##### TASK INPUT

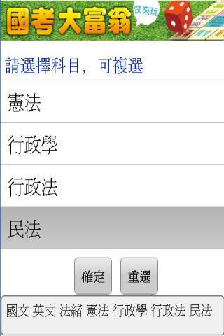 國考大富翁提供選擇題型之題庫,使用者可以單選或複選您正在準備的考科,打造專屬自己的遊戲。
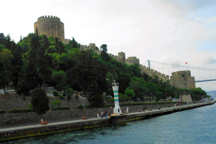| ルメリ・ヒサール オスマン・トルコ帝国のメフメット2世が、難攻不落を誇ったコンスタンチノーブルを攻め落とすために4ヶ月で築いたといわれ、幅660mというボスポラス海峡の一番狭いところにある要塞。対岸にあるアナドル・ヒサールと対峙しており、見事海上封鎖に成功してビザンチン軍は撃退されたそうです。 |
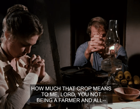 Garvey’s speech is a simple one – Jonathan apologizes for his lack of eloquence, then thanks God for his wonderful family and a good harvest. He starts digressing about how much or little God knows about farming, but Alice Garvey gets him back on track.
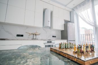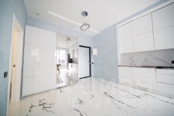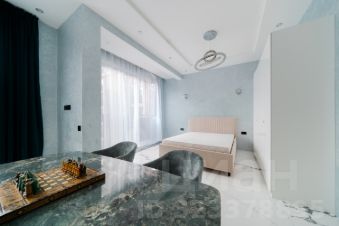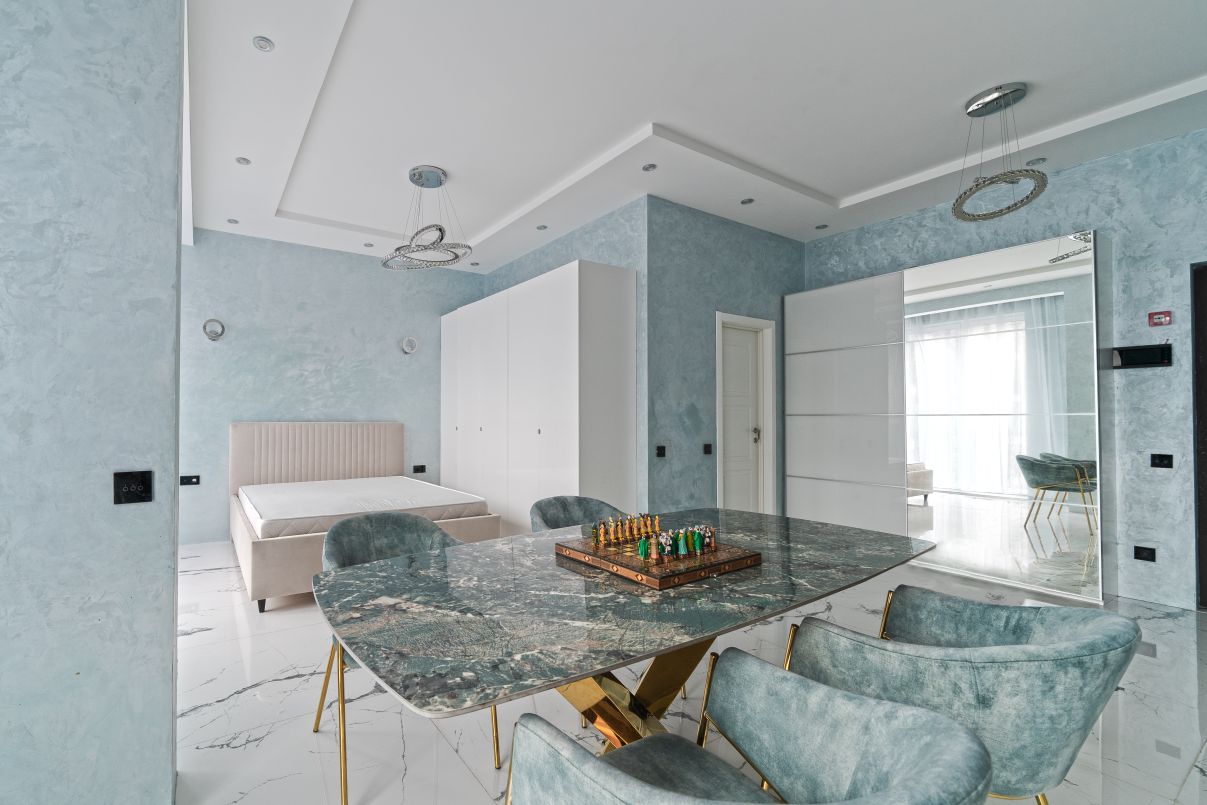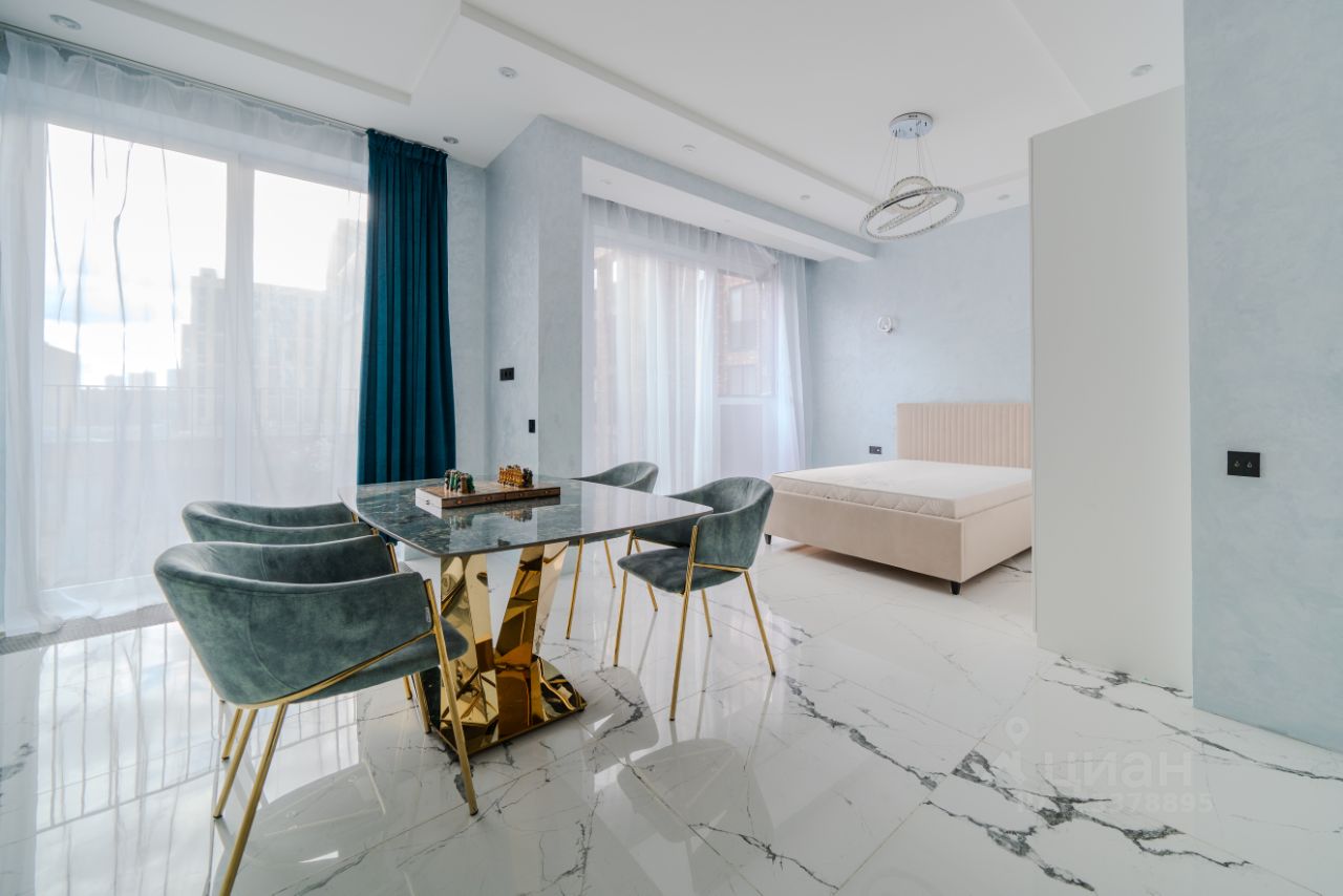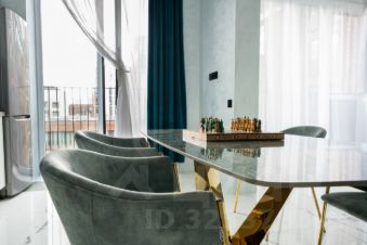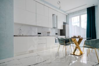 Площадь в 44 м2 занимают прихожая, кухня-гостиная и совмещенный санузел. Ремонт выполнен по авторскому дизайн-проекту. Квартира полностью меблирована, оснащена всей необходимой техникой и готова к проживанию. Ощущается очень светлой и просторной за счет высоких потолков (3.2 м), двух панорамных окон и грамотного цветового решения. Одним из главных преимуществ данного пространства можно назвать его расположение. Окна выходят во внутренний двор, поэтому в квартире всегда тихо.
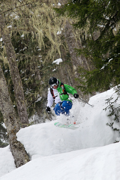 La forêt, c’est là où les virages s’enchainent sans que tu puisses voir la fin du run, là où tu peux croiser une bestiole au creux d’un arbre, mais surtout, c’est là où la neige n’a pas trop travaillé, où elle reste la plus profonde, bref, c’est là où on se poudre le nez à chaque virage. Aux 30cm de fraiche dont on a parlé plus haut se sont rajoutés les 50 posés les jours précédents là c’est du gras, tout s’enchaine comme dans du coton, frénétiquement, méthodiquement au fil des passages, la session tourne à l’orgie !

##########

• _YOUR OBJECTIVE_
Give every entry above again, exactly, and keep all pictures out of it.

• _RESULT BELOW_
 國考大富翁提供選擇題型之題庫,使用者可以單選或複選您正在準備的考科,打造專屬自己的遊戲。
| ルメリ・ヒサール オスマン・トルコ帝国のメフメット2世が、難攻不落を誇ったコンスタンチノーブルを攻め落とすために4ヶ月で築いたといわれ、幅660mというボスポラス海峡の一番狭いところにある要塞。対岸にあるアナドル・ヒサールと対峙しており、見事海上封鎖に成功してビザンチン軍は撃退されたそうです。 |
 Garvey’s speech is a simple one – Jonathan apologizes for his lack of eloquence, then thanks God for his wonderful family and a good harvest. He starts digressing about how much or little God knows about farming, but Alice Garvey gets him back on track.
 Площадь в 44 м2 занимают прихожая, кухня-гостиная и совмещенный санузел. Ремонт выполнен по авторскому дизайн-проекту. Квартира полностью меблирована, оснащена всей необходимой техникой и готова к проживанию. Ощущается очень светлой и просторной за счет высоких потолков (3.2 м), двух панорамных окон и грамотного цветового решения. Одним из главных преимуществ данного пространства можно назвать его расположение. Окна выходят во внутренний двор, поэтому в квартире всегда тихо.
 La forêt, c’est là où les virages s’enchainent sans que tu puisses voir la fin du run, là où tu peux croiser une bestiole au creux d’un arbre, mais surtout, c’est là où la neige n’a pas trop travaillé, où elle reste la plus profonde, bref, c’est là où on se poudre le nez à chaque virage. Aux 30cm de fraiche dont on a parlé plus haut se sont rajoutés les 50 posés les jours précédents là c’est du gras, tout s’enchaine comme dans du coton, frénétiquement, méthodiquement au fil des passages, la session tourne à l’orgie !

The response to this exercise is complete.